TASK GOAL: Although the records include pictures, the copy should not; write out exactly the lines from the first through the line with "Japanese funk band".

ENTRIES SUPPLIED:
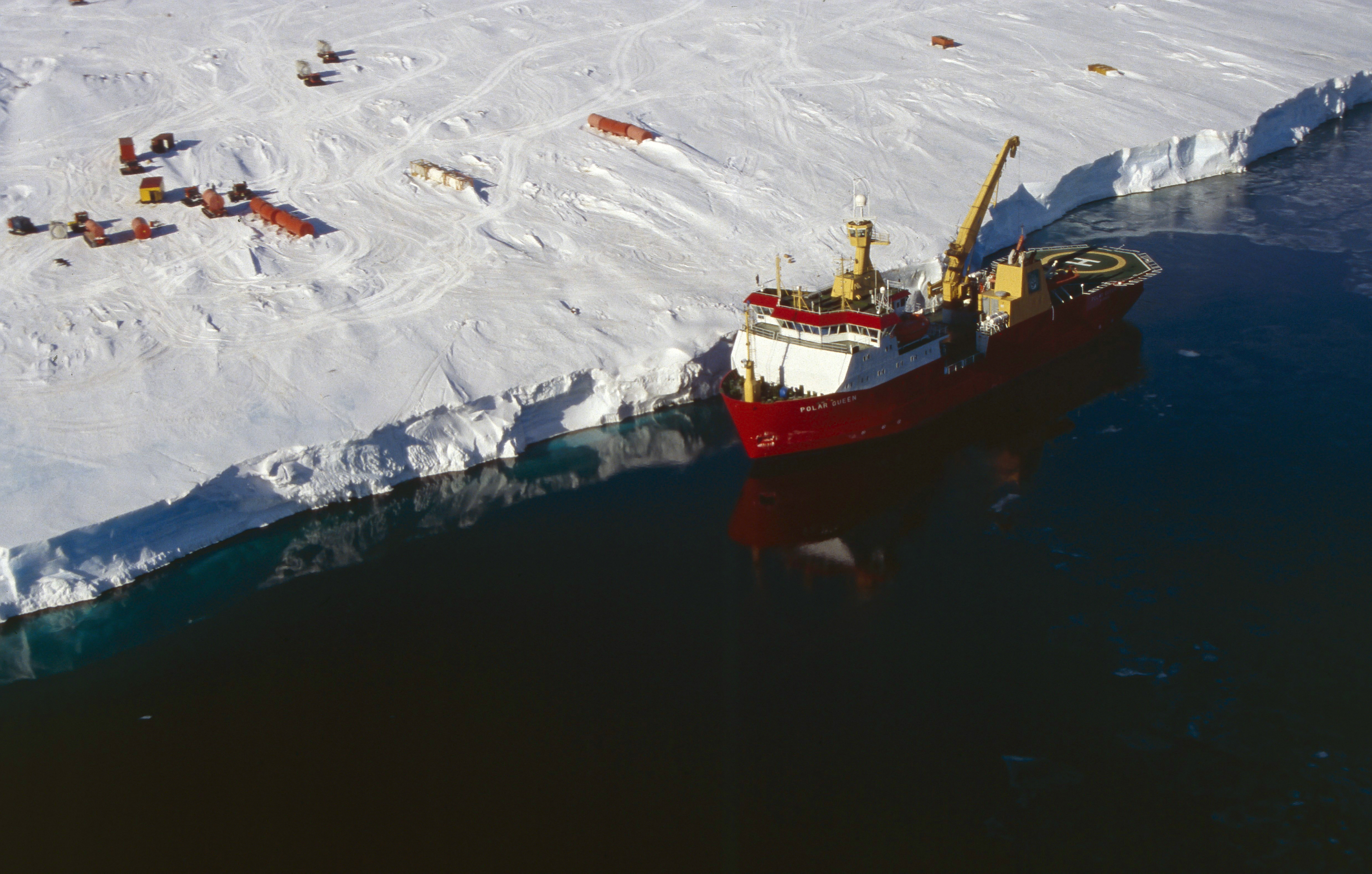 Polar Queen II (now RV Ernest Shakleton) at the ice shelf near the Schirmacher Oasis, Antarctica
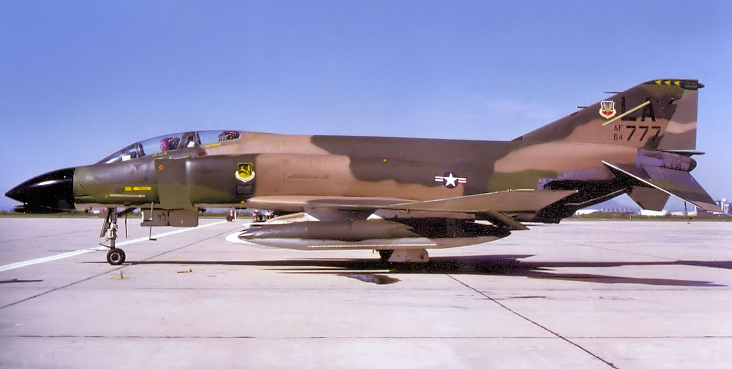 310th Fighter Squadron McDonnell F-4C-23-MC Phantom 64-0777, 1980. Note the red star on the intake, noting this aircraft shot down a MiG aircraft during the Vietnam War. Retired to AMARC as FP0363 Oct 24, 1989
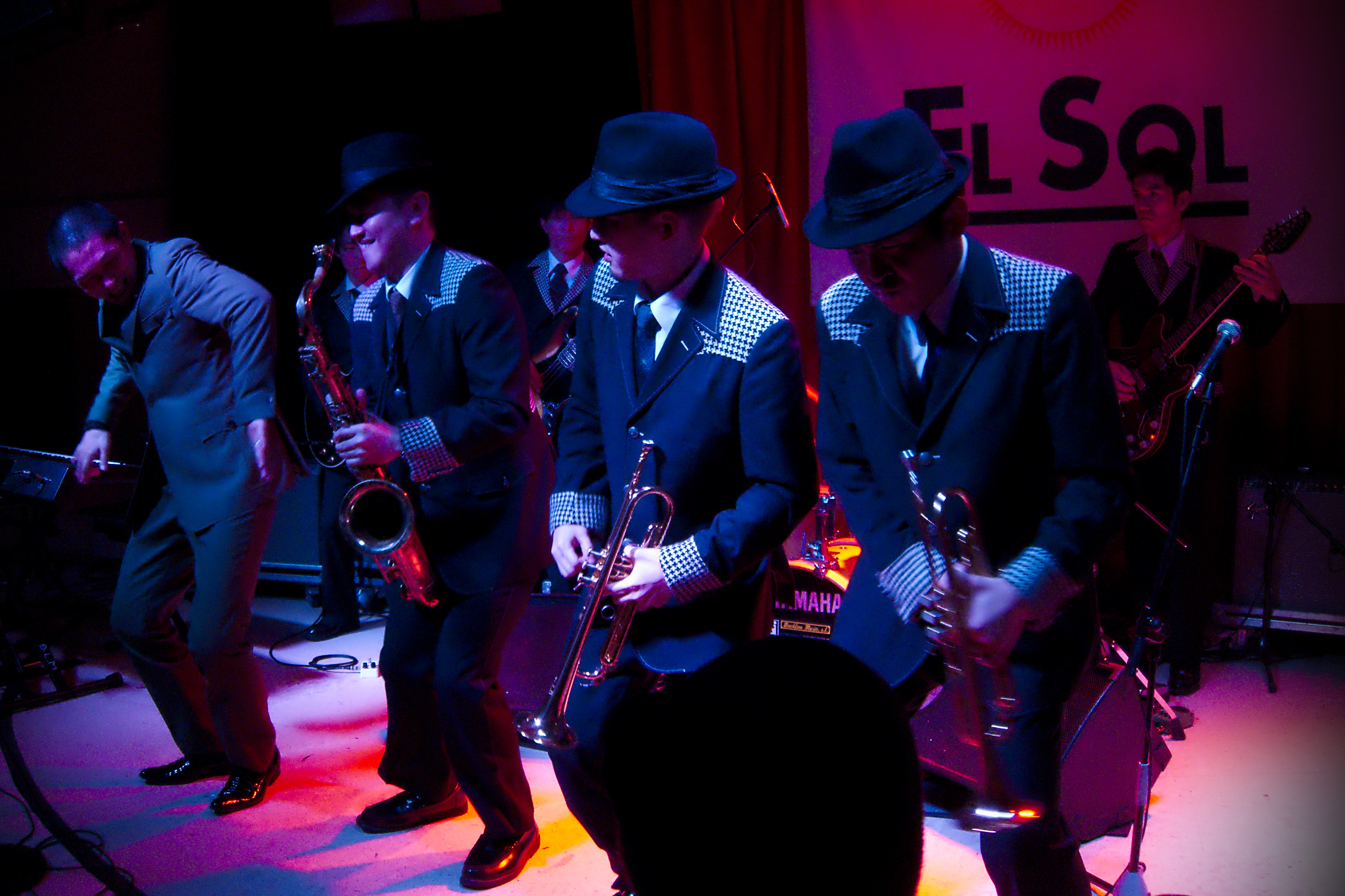 Japanese funk band Osaka Monaurail. The closest you can get to an old-school James Brown performance -- but coming from the far east instead! Sala El Sol (Madrid). 2012.04.03
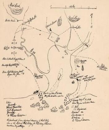 Map of the British invasion of New Haven, Connecticut, in July 1779. Drawing by Ezra Stiles. Image courtesy of the Yale University Manuscripts & Archives Digital Images Database, Yale University, New Haven, Connecticut.
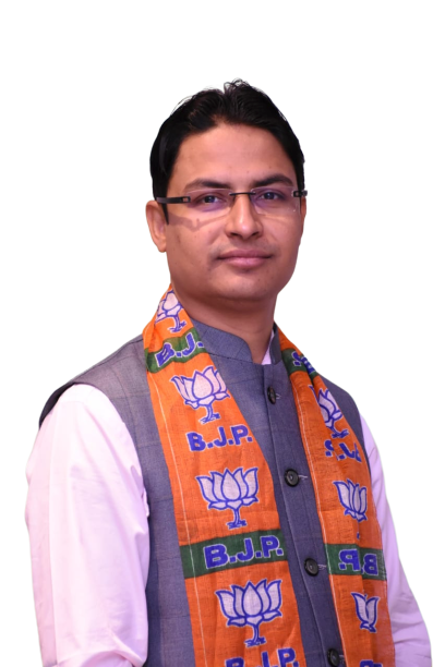 M D Surya Roshni Ltd
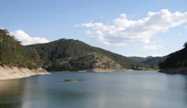 Sünnet Lake, Göynük.
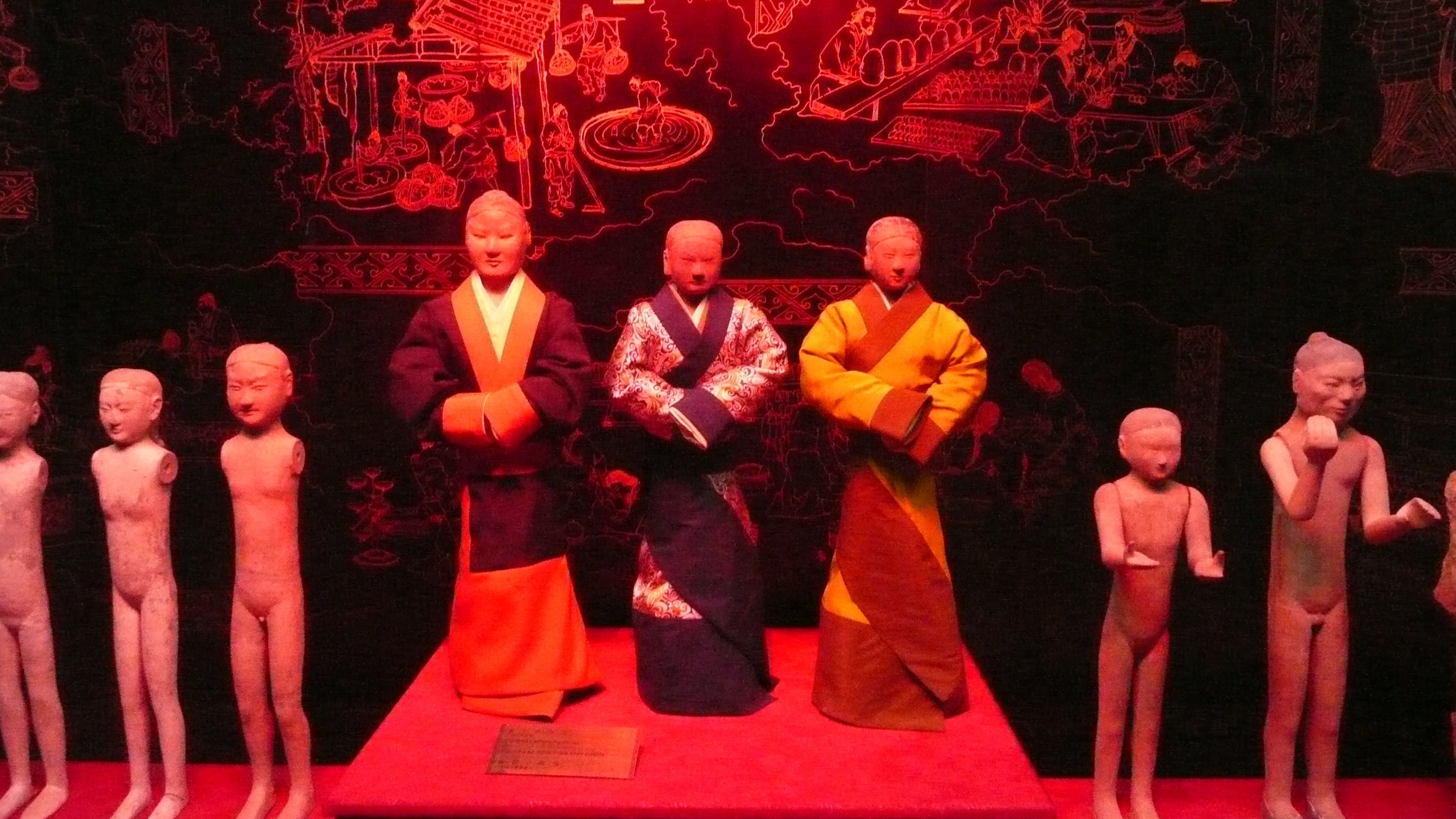 Han Yang Ling - Mausoleum of Jingdi, Han Emperor, Xianyang, near Xi'an
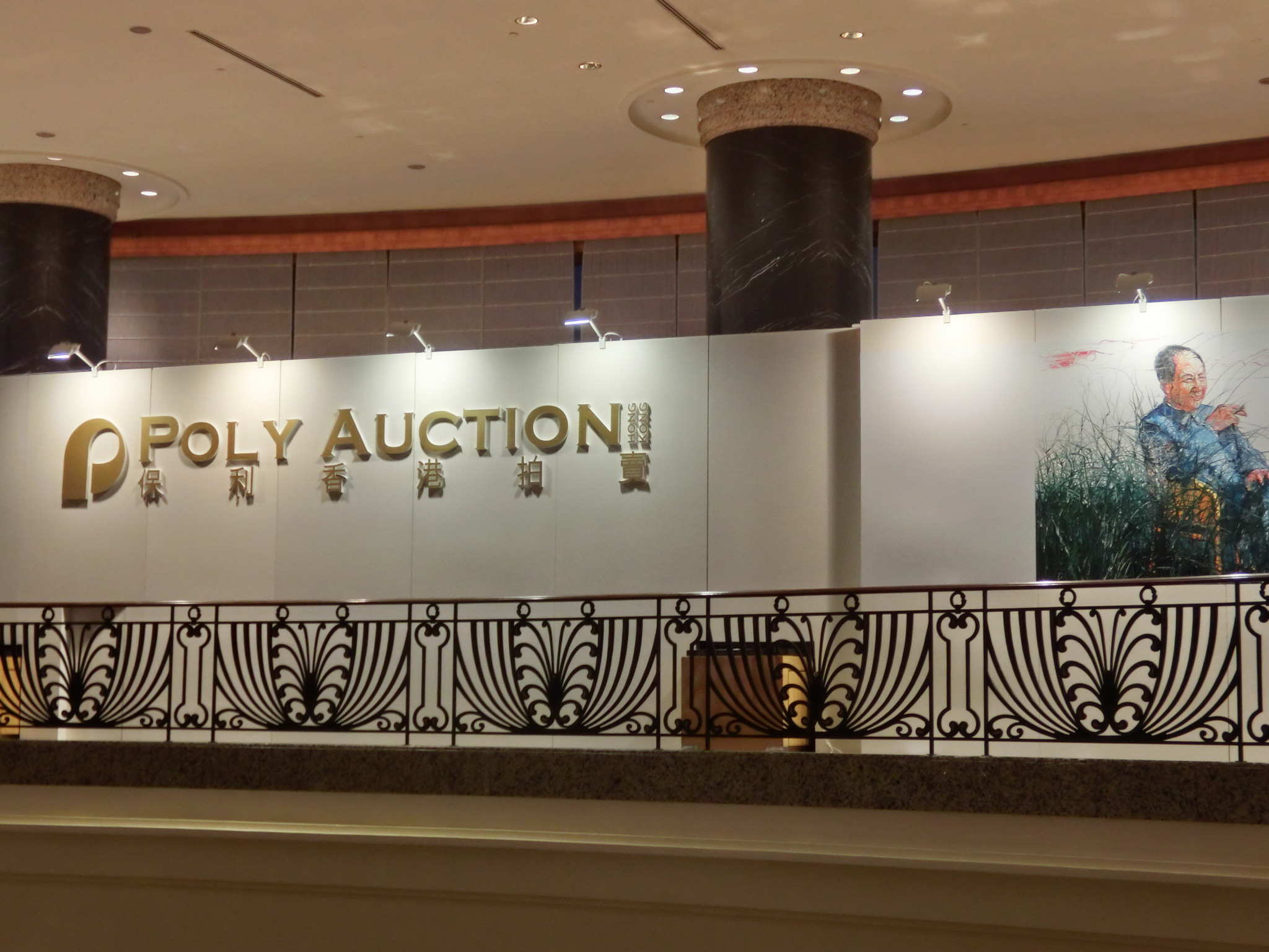 China Poly Group Corporation, 保利集團, Auction pre-view exhibition in Grand Hyatt Hotel, Wan Chai North, Hong Kong

TASK ANSWER:
 Polar Queen II (now RV Ernest Shakleton) at the ice shelf near the Schirmacher Oasis, Antarctica
 310th Fighter Squadron McDonnell F-4C-23-MC Phantom 64-0777, 1980. Note the red star on the intake, noting this aircraft shot down a MiG aircraft during the Vietnam War. Retired to AMARC as FP0363 Oct 24, 1989
 Japanese funk band Osaka Monaurail. The closest you can get to an old-school James Brown performance -- but coming from the far east instead! Sala El Sol (Madrid). 2012.04.03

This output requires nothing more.